Come Together
What an encouraging time to come together with the Shelby Crossings faith family this past Wednesday night for our first of four InterMissiongatherings! I hope you were able to be with us. If not, I hope you can make it for the next three weeks. I promise there won't be any more cartoons.
For whatever reason, those cartoons that seemed to communicate my point so well in my office didn't quite connect when we were together in the worship center. Perhaps I should try a new approach. If the visual doesn't work, maybe it will work better if I make you use your imagination.
Picture another cartoon, with all the simple art and clever wit and poignant irony you can pack into a single frame. (Work with me, please.) There's a young guy talking to an apparent "religious leader." The youth has spiked hair, an earring and a chain around his neck and all the trendy clothes. Apparently this youth has made some kind of religious commitment. The religious leader is standing before the youth and saying, "You know young man that this means you are going to have to dress normally."
Here's where the humor of the cartoon comes in. When you see the religious leader he is wearing a bishop's hat that rises up about two feet with a cross on it. He is also carrying a staff and wearing a robe and an enormous cross on it. "Dress normally," he says. Get it?
(Insert laugh track.)
What's the point? As we gather together to seek God's will for us during this time of refocusing our vision--and, even more so, as we live our lives for Christ throughout the year--we are seeking unity, in Christ, but not uniformity. Thankfully, God has brought us together from all walks of life as "a diverse community of believers committed to developing passionate followers of Christ to impact the world."We may dress a little different, talk a little different, and act a little different sometimes, but God has sovereignly melded us together as His body, rallying around our common relationship with Jesus Christ.

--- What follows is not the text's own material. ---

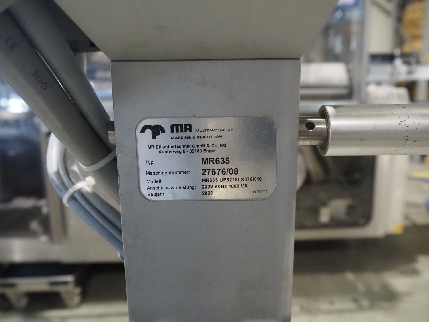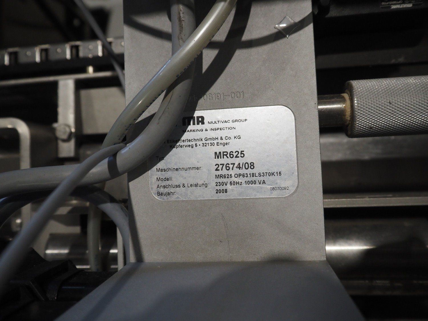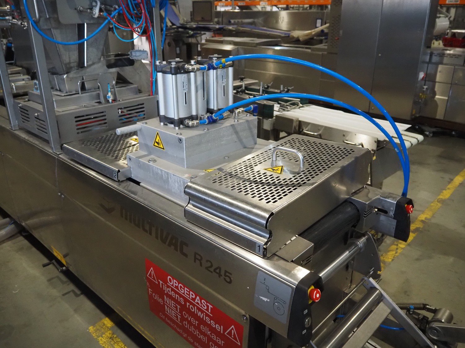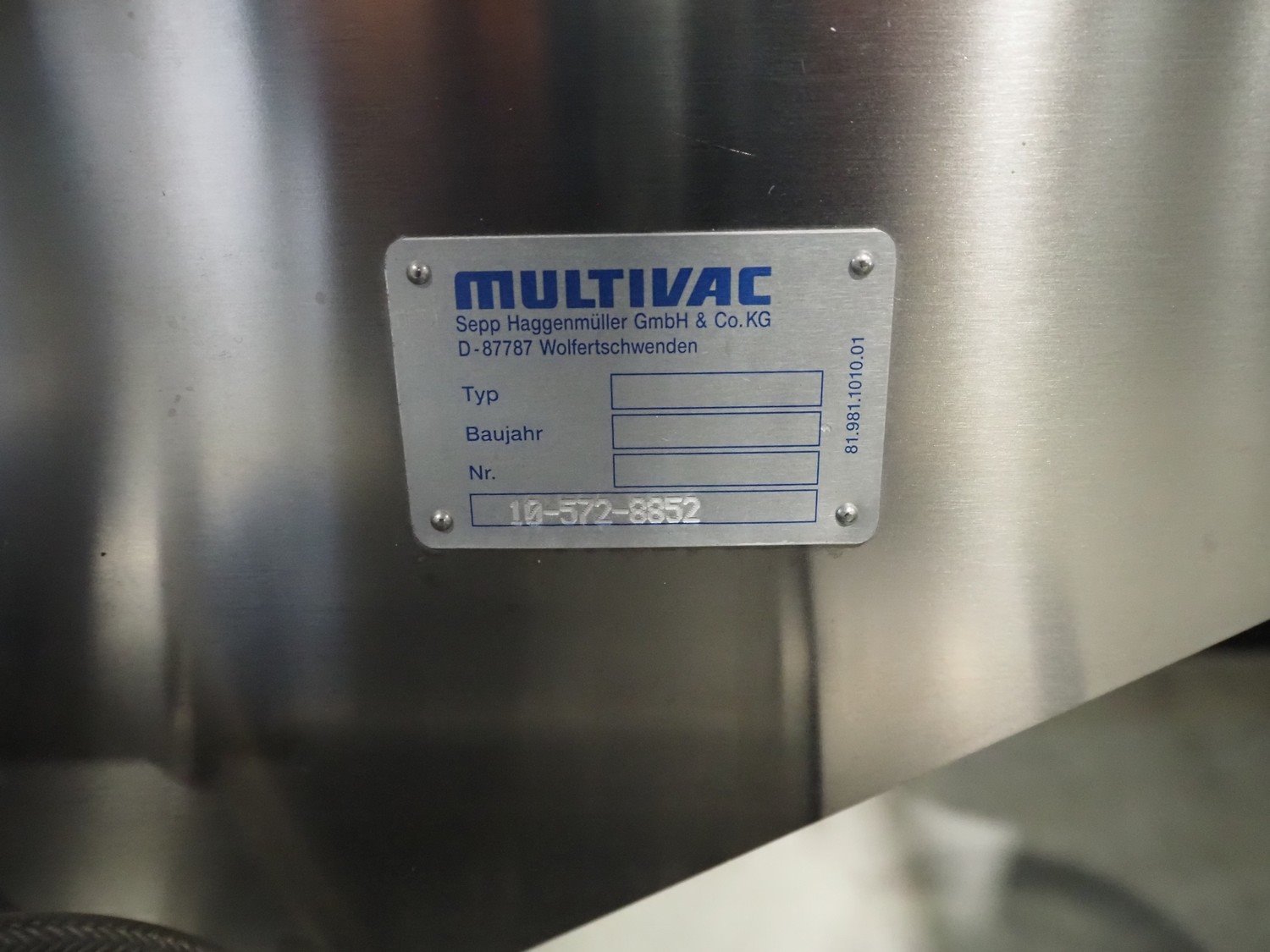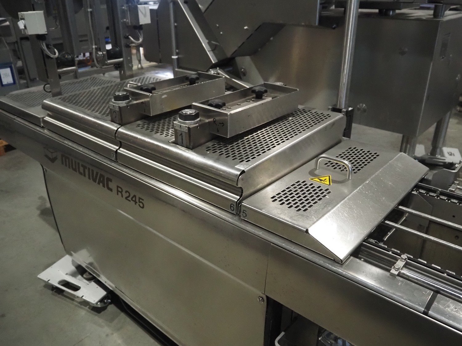 Multivac thermoformer with MR Etikettiertechnik GmbH labelling unit, model: R245, machine number: 124685, year of construction: 2008, 400 V, 3 Ph, 50 Hz, 18 A, 7 kW, type labelling unit: MR 6318, type Witt-Gasetechnik gas mixing station: KM 100-2 MEM, dye: (6x) 103 mm x 90 mm, total dimensions: 8300 mm x 1600 mm x 2250 mm. Including Multivac inliner, belt width: (3x) 70 mm, (1x) 315 mm, total dimensions: 2050 mm x 600 mm x 1050 mm, and pallet with parts, dimensions: 1200 mm x 800 mm x 500 mm. Without rollies.
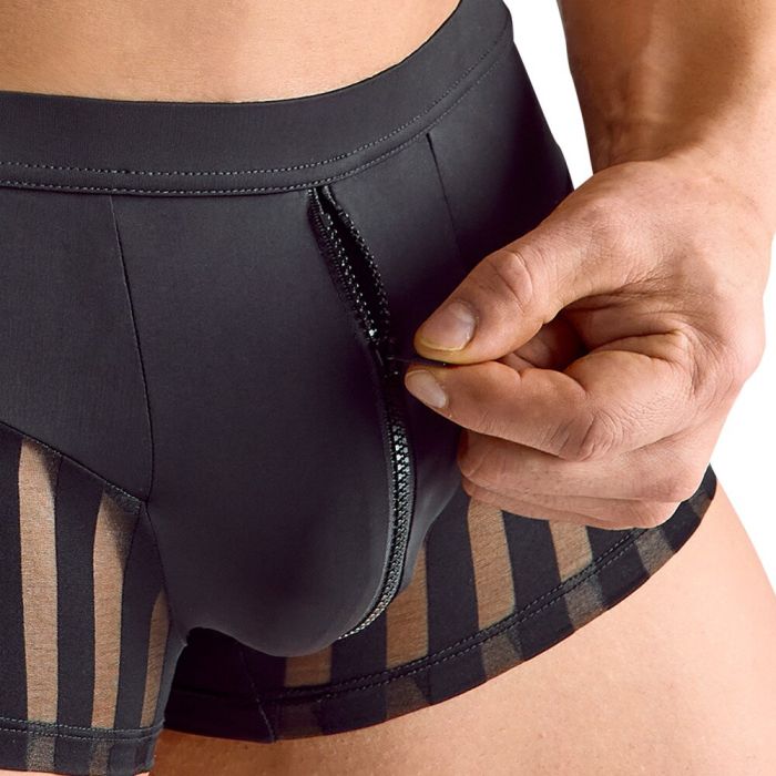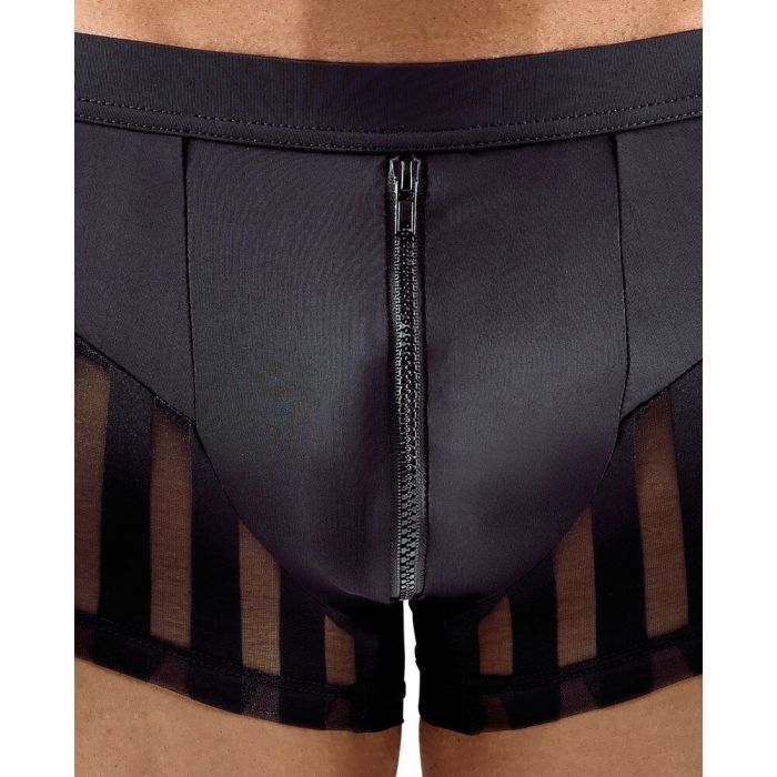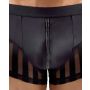 Ontdek de ultieme combinatie van stijl en comfort met het zwarte broekje van Svenjoyment, een must-have voor elke modebewuste man. Dit unieke onderkledingstuk is vervaardigd uit een innovatieve mix van materialen die zowel functionaliteit als esthetiek biedt. De bovenkant is gemaakt van een zachte, ondoorzichtige microvezel die een luxe gevoel op de huid geeft, terwijl de onderkant is uitgevoerd in een transparant, ademend netmateriaal dat een speelse en verleidelijke uitstraling creëert. De elastische samenstelling van de stoffen zorgt voor een perfecte pasvorm en ongeëvenaard draagcomfort, waardoor deze pants ideaal zijn voor zowel dagelijks gebruik als speciale gelegenheden.

We come from different backgrounds, with differing gifts, abilities, experiences and passions--and hurts, for that matter--and God will use us all, as pieces in the puzzle to come together to function as the community of faith He has called us to be. That's what it means to be His church.
I'm grateful He's allowed me to be a part of such a great church, and I can't wait to see what He has in store for us in the year ahead as we serve Him together. I'm praying for you, as I hope you are for me, and I look forward to seeing this Sunday...and Wednesday, too.